# Saving data in numpy/pandas - a recap

Last year we covered how to store data to disk. Let's recap that, as it will be useful in this module later!

## Storing numpy data

Let's crate four arrays (aa, x1, y1 and z1) which we might want to store.

In [1]:
import numpy as np
def func_makedata(a):
    x1 = a**2
    y1 = np.cos(a)
    z1 = 3*a**2 
    return x1, y1, z1

aa = np.linspace(0.,10.,50)
x1, y1, z1 = func_makedata(aa)


 Let's start with storing a single array to disk.

In [2]:
np.savetxt('data_array_aa.dat', aa)

This stores the contents of the array "aa" to the file `data_array_aa.dat`. You can open this file in the Colab/Drive window, check what is in it.

However, we might want to store all 4 of the arrays, to do this we need to *arrange* the data in such a way that this will work nicely. We can do

In [3]:
np.savetxt('data_array_aa2.dat', np.array([aa, x1, y1, z1]))

Again, you can see this in the Colab/Drive window. In this case we have 4 rows, each containing N columns (where N is the length of aa and the other arrays). If we want to swap this to 4 columns and N rows we can do:

In [4]:
np.savetxt('data_array_aa3.dat', np.array([aa, x1, y1, z1]).T)

which will transpose the array and store it nicely.

In all these cases the operation to read the corresponding array back from disk is

In [5]:
file_data = np.loadtxt('data_array_aa3.dat')

`file_data` now stores the arrays we read from disk. To recover the y1 array (which was stored in the 3rd column) we would need to use *slicing* to recover this array as demonstrated previously:

In [6]:
y1_from_file = file_data[:,2]
print(y1 - y1_from_file)

[0. 0. 0. 0. 0. 0. 0. 0. 0. 0. 0. 0. 0. 0. 0. 0. 0. 0. 0. 0. 0. 0. 0. 0.
 0. 0. 0. 0. 0. 0. 0. 0. 0. 0. 0. 0. 0. 0. 0. 0. 0. 0. 0. 0. 0. 0. 0. 0.
 0. 0.]


An alternative to the `savetxt` command is the `savez` command. The advantages to `savez` are:
 * You can easily save and read back in numerous arrays
 * The arrays do not have to do the same length (or need to be shaped into a N x M 2D format)
 * It's much faster to read/save data using this command.
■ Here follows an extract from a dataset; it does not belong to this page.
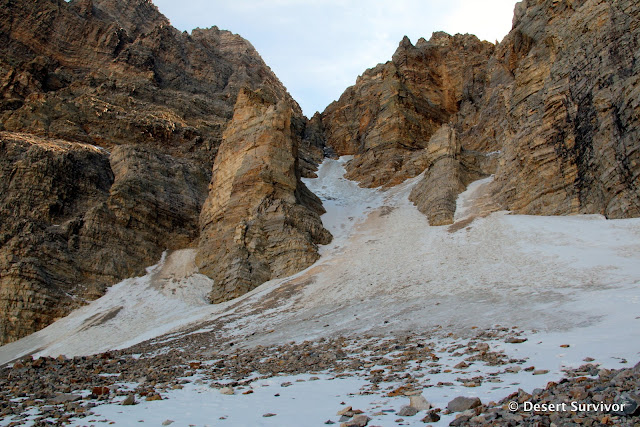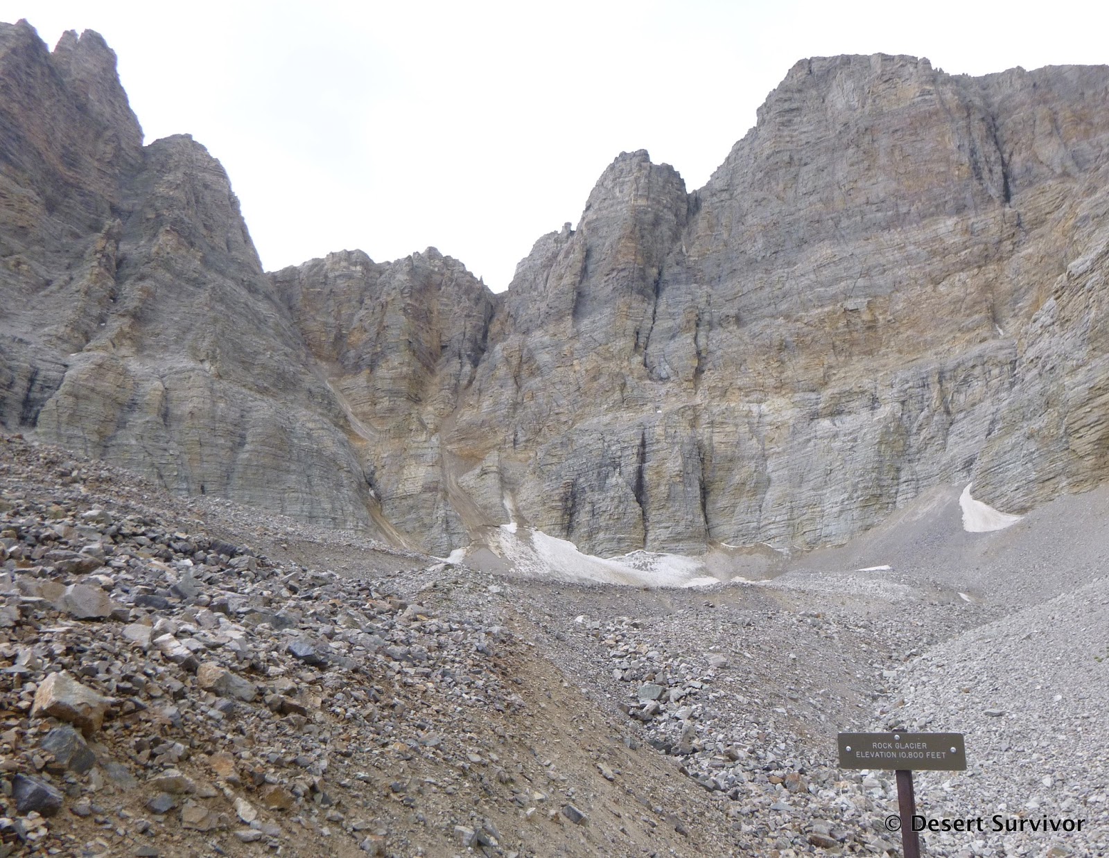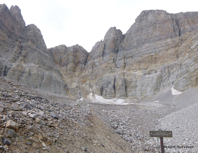The third condition, the size, is the one I'm not convinced is met. It's hard to tell because so much of the ice is covered with falling debris, so it's hard to determine what's ice and what's rock. According to Gerald Osborn and Ken Bevis in their 2001 article "Glaciation in the Great Basin of the Western United States," a glacier exists, so until a scientific article proves otherwise, I'm going with it. This makes this glacier the only one in Nevada. Who knew Nevada had a glacier?

But the one major disadvantage is:

 * These files are not human readable, are not easily readable by anything other than numpy and may not be the same on machines with different CPU architecture (e.g. a file generated on a windows machine (x86_64) may not be readable on a raspberry pi (ARM))

Here's how this works with our datasets above

In [7]:
np.savez('data_array_aa.npz', aa=aa, x1=x1, y1=y1, z1=z1)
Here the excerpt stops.